§ **Exercise instructions**: Given the records below, would you repeat exactly the lines that begin at the one containing "With the pre-WC" and end at the one containing "新增男生宿舍与女生宿舍楼各一", inclusive?

§ **Data to process**:
^^^^^^^^^^^^^^^^

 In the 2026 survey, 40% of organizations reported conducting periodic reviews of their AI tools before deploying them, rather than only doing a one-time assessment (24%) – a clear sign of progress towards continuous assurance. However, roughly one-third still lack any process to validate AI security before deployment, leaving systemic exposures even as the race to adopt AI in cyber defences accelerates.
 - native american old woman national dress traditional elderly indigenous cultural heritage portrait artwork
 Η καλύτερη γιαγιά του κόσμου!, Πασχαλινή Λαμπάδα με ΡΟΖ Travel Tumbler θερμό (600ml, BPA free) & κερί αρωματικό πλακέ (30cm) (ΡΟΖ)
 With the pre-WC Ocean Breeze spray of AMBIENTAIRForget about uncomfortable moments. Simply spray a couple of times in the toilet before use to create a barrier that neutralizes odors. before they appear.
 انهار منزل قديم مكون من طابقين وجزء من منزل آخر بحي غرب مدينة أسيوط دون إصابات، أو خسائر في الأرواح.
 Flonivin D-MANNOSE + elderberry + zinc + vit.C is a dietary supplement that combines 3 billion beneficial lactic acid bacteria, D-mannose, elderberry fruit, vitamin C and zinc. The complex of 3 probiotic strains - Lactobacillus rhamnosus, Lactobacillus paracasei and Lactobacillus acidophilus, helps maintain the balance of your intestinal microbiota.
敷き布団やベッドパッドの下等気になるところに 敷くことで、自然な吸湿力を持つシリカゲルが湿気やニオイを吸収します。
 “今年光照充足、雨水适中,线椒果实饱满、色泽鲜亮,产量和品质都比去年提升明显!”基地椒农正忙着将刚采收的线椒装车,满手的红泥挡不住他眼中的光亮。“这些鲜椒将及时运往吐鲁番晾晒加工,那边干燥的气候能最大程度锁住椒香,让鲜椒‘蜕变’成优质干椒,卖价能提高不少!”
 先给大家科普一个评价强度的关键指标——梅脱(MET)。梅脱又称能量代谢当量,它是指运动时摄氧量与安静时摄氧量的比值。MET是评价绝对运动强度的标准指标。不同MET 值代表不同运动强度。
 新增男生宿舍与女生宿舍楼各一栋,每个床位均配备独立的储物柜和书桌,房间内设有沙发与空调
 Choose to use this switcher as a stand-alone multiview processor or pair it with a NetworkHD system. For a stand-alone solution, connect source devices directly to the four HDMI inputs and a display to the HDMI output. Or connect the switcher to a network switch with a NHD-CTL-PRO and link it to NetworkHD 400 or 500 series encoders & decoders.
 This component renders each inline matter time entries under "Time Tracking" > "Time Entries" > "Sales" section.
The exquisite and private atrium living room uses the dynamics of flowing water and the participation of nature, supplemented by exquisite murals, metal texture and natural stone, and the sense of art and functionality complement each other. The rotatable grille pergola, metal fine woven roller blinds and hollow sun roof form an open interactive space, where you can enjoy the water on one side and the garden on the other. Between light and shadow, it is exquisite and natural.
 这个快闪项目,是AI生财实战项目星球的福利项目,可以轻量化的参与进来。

^^^^^^^^^^^^^^^^

§ **Task solution**:
 With the pre-WC Ocean Breeze spray of AMBIENTAIRForget about uncomfortable moments. Simply spray a couple of times in the toilet before use to create a barrier that neutralizes odors. before they appear.
 انهار منزل قديم مكون من طابقين وجزء من منزل آخر بحي غرب مدينة أسيوط دون إصابات، أو خسائر في الأرواح.
 Flonivin D-MANNOSE + elderberry + zinc + vit.C is a dietary supplement that combines 3 billion beneficial lactic acid bacteria, D-mannose, elderberry fruit, vitamin C and zinc. The complex of 3 probiotic strains - Lactobacillus rhamnosus, Lactobacillus paracasei and Lactobacillus acidophilus, helps maintain the balance of your intestinal microbiota.
敷き布団やベッドパッドの下等気になるところに 敷くことで、自然な吸湿力を持つシリカゲルが湿気やニオイを吸収します。
 “今年光照充足、雨水适中,线椒果实饱满、色泽鲜亮,产量和品质都比去年提升明显!”基地椒农正忙着将刚采收的线椒装车,满手的红泥挡不住他眼中的光亮。“这些鲜椒将及时运往吐鲁番晾晒加工,那边干燥的气候能最大程度锁住椒香,让鲜椒‘蜕变’成优质干椒,卖价能提高不少!”
 先给大家科普一个评价强度的关键指标——梅脱(MET)。梅脱又称能量代谢当量,它是指运动时摄氧量与安静时摄氧量的比值。MET是评价绝对运动强度的标准指标。不同MET 值代表不同运动强度。
 新增男生宿舍与女生宿舍楼各一栋,每个床位均配备独立的储物柜和书桌,房间内设有沙发与空调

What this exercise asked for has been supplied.